Word Cloud of iTunes Terms and Conditions

I made a word cloud of the iTunes Terms and Conditions that you've likely accepted but never read. I figured that was nicer than pasting in all 17,000+ words of the document you didn't read.

Here is the single biggest reason why you see so many blog and other posts that misinterpret terms and conditions: Law is not user-friendly. It has decades or longer of precedent that must be fumbled through; it must take into account rapid changes in technology while being written by processes created centuries ago that were designed to move slowly; it can be simultaneously too detailed and not detailed enough. And lawyers, for the most part, practice law by talking to other lawyers who speak their language (Legalese—it uses a lot of henceforths and semi-colons). So legal documents that approach regular English are not as common as I’d like to see. And when you have these long documents filled with hard-to-understand phrases THAT EVERY ONCE IN A WHILE SHIFT INTO ALL CAPS FOR NO APPARENT REASON BUT IT MUST BE IMPORTANT OR MAYBE THE AUTHOR’S KEYBOARD BROKE OR THEY WERE DARED TO WRITE THE SECTION IN THE STYLE OF “AOL CHAT ROOM” it can make reading, let alone understanding, these documents a difficult exercise.

Yes, there actually are reasons for the ALL CAPS and the lengthy sections and the overly technical Legalese, but good reasons aren’t a substitute for good communication. When a regular consumer is faced with 50+ pages of terms and conditions to install and use iTunes, they typically aren’t going to take the time to read that confusing document when they could just click a button and start listening to Flo-Rida’s “Club Can’t Handle Me” (Put your hands up!).

Don’t get me wrong, customers should read these terms. Their decision not to read the terms but to accept them anyway will go against the customer if the issue comes up in court. But I understand why a user doesn’t read the document. Now add into the mix a social media blogger who does start reading the terms and isn’t used to interpreting these terms or putting them in the proper context and suddenly they see the nightmare world that lawyers live in. And they start telling these scary stories to people who have already accepted these terms, making them even scarier. The lawsuit you may be terrified of is coming from INSIDE YOUR OWN FACEBOOK PROFILE!

Here’s one deep, dark secret about lawyers—we see risk everywhere. I can look at a picture of a man on a sidewalk and come up with a dozen potential lawsuits without batting an eye. And that’s before this hypothetical man crosses the hypothetical street. We lawyers spend years reading the most ludicrous cases you can imagine that involve chain reactions of people jumping onto moving trains, dropping bundles of fireworks that explode, and a concussive wave that tips over a large scale injuring a woman nearby (actual, famous case). It’s our job to see the worst potential outcome and help our clients avoid it.

So when a client comes to an attorney and says “Hey, can you draft up some terms for my business so that we’re protected from lawsuits?” then the lawyer’s mind starts spinning like a rickety travelling carnival ride that was installed without inspection, has no safety restraints in the cars, and is operating at twice the recommended speed. Our minds are now racing to give our clients the best possible defense to a future lawsuit.
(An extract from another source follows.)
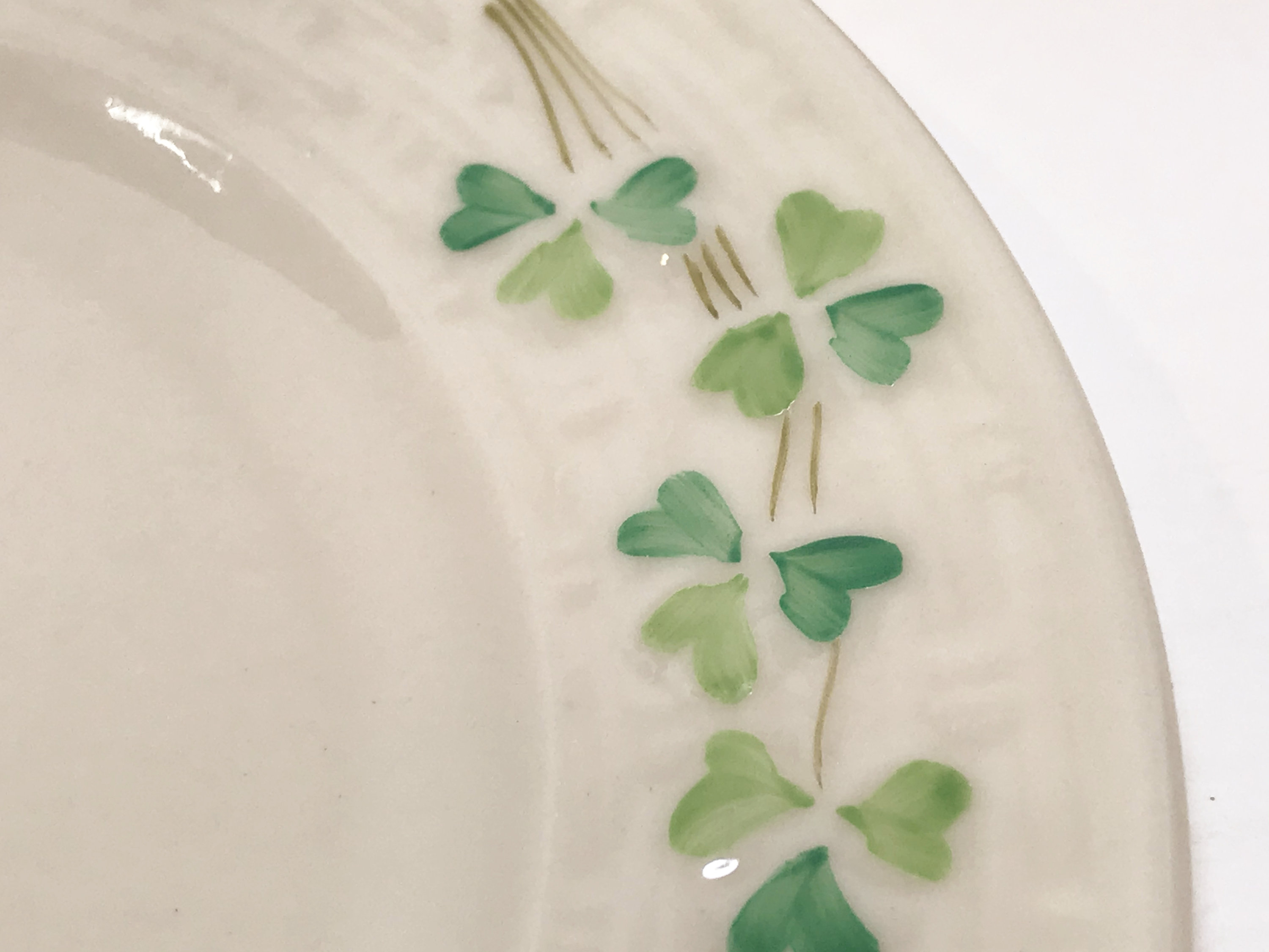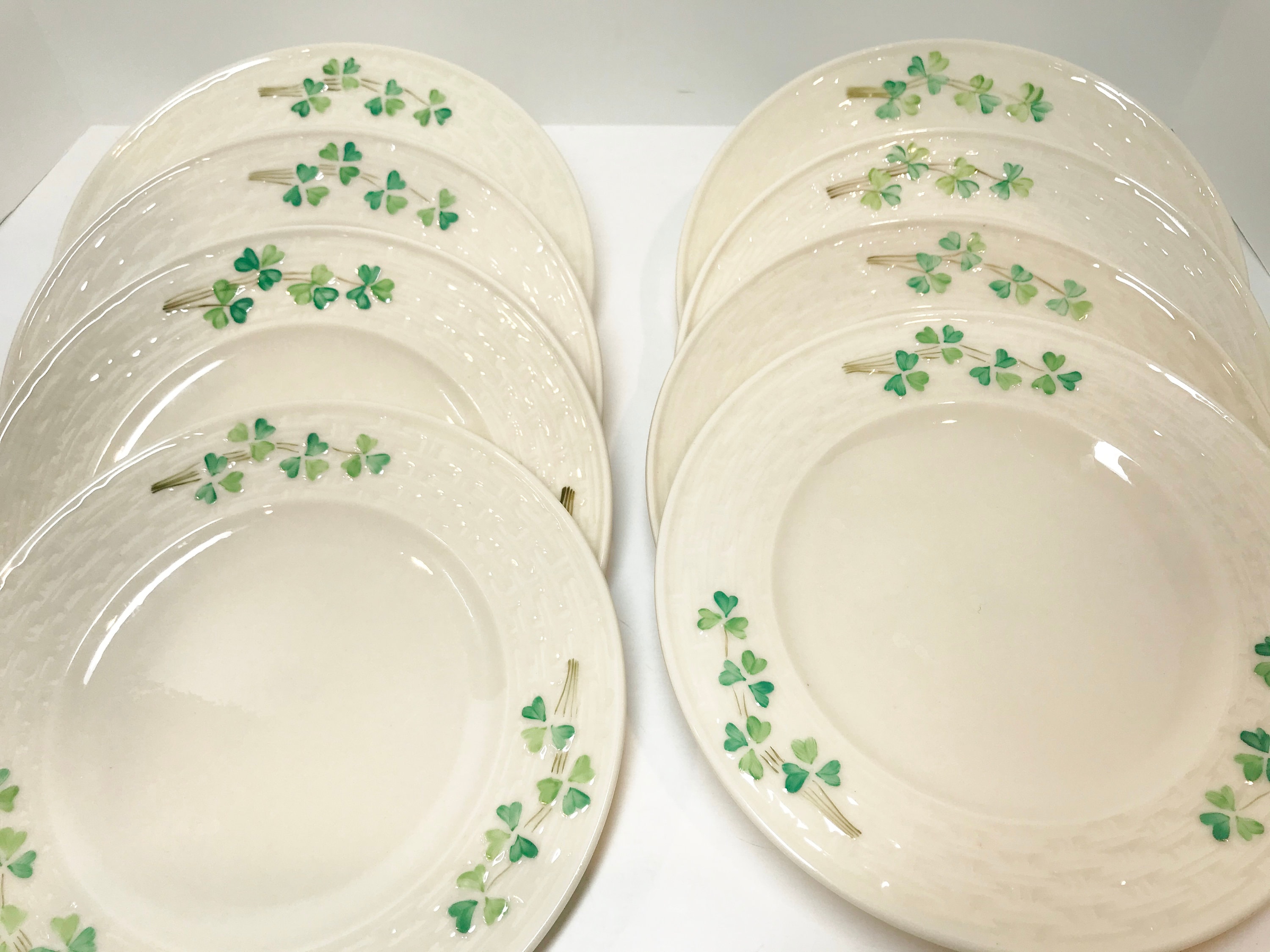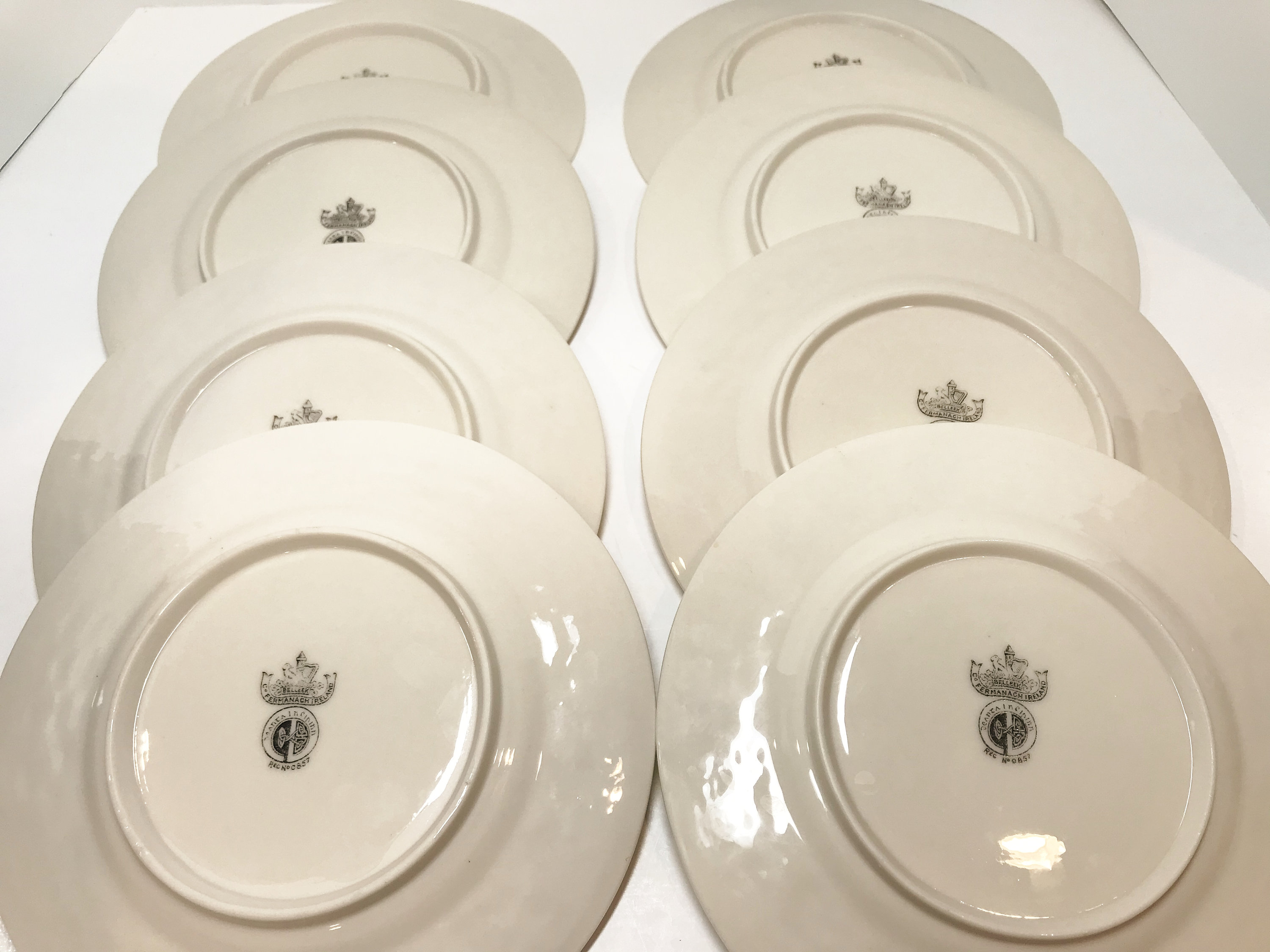 This is a beautiful set of eight Belleek plates. The light dances on the creamy porcelain. The design is called Shamrock Ware. They have the third black mark which means they were made between 1926 and 1946.

That’s an important distinction—giving a defense to a lawsuit rather than preventing a lawsuit. Lawyers know that anyone can be sued by anyone else for anything. The question is whether the lawsuit has merit and will stick. Good terms and conditions will give you plenty of ways to dismiss the lawsuit with as little effort as possible, but you’ll still have to deal with the lawsuit. So that’s why these terms and conditions can run so long—they are trying to arm the company for a war that might come from the land, sea, air, space, other dimension, and in the case of some special litigants, parallel universes where your company is secretly in league with paranormal forces and therefore should pay the plaintiff one billion dollars. Drafting these terms are like packing for a trip when you have no idea if you’re going to Hawaii or Antarctica and you don’t know how long you’ll be gone. Writing good conditions are like writing a paragraph trying to summarize what writing terms and conditions are like—you’ll probably write too much even though you’re just trying to get a few simple points across. See what I mean?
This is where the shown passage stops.